Queer Places:
Cornell University (Ivy League), 410 Thurston Ave, Ithaca, NY 14850

Frank LillyDr. Frank Lilly (August 28, 1930 - October 14, 1995) was a geneticist at the Albert Einstein College of Medicine in the Bronx and one of the first openly gay Presidential appointees. In 1987, Dr. Lilly was named by President Ronald Reagan to the 13-member Presidential Commission on the Human Immunodeficiency Virus Epidemic. His appointment upset conservatives, who opposed the presence of a homosexual on the panel, even though most AIDS cases occurred among gay men. Although this imbroglio briefly cast Dr. Lilly in the national spotlight, he is better remembered for his work in describing the role of hereditary factors that govern susceptibility to cancer-causing agents. Dr. Lilly demonstrated that different tissue types in mice yielded different levels of resistance to virus-induced leukemia, and he identified the gene responsible for that difference. Dr. Dominick P. Purpura, the dean of Albert Einstein College, which is part of Yeshiva University, wrote in 1987 that Dr. Lilly "combines the talent of a 'classical' geneticist with the innovative mastery of the most sophisticated concepts and methodologies of immunology and molecular biology."

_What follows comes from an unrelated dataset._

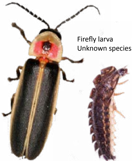
Firefly larva Unknown species

Make a sketch of the fireflies you find - can you identify the species? Males have larger lanterns (2 body segments rather than part of one or two segments).

Frank Lilly was born in Charleston, WV, the son of Frank Otho Lilly and E. Verna Zimmerman. He received a bachelor's degree from West Virginia University, a Ph.D. in organic chemistry from the University of Paris and a Ph.D. in biology from Cornell University. He joined the genetics department at Einstein College in 1965 as a research fellow. He became a professor and was chairman of the department from 1976 to 1989; he retired in August, 1995. In 1983 Dr. Lilly was elected to the National Academy of Sciences. He served on the board of the Gay Men's Health Crisis, a private AIDS support and advocacy organization, from 1984 to 1986. When he was named to the Presidential commission in July 1987, Dr. Lilly said he was "probably among the first openly gay persons to have been appointed to a significant position in any U.S. Administration." The commission was headed first by Dr. W. Eugene Mayberry, chief executive officer of the Mayo Clinic, and then by James D. Watkins, a retired admiral who had been Chief of Naval Operations. Although the White House insisted that Dr. Lilly was chosen because of his work with retroviruses similar to H.I.V., he said his homosexuality "must have been a factor of considerable weight." And he pledged "to forcefully represent the gay community as well as the biomedical community." During the commission's final deliberations in 1988, Dr. Lilly joined a narrow majority in recommending that a Federal law prohibiting Government-supported programs from discriminating against people with AIDS be expanded to the private sector.

Lilly died on October 14, 1995, at his home in Manhattan. He was 65. The cause was prostate cancer, his son, Matthew Adrian, said. Besides Mr. Adrian, of Manhattan, Dr. Lilly is survived by two daughters, Mikaela Gross and Ilana Gross, both of the Bronx.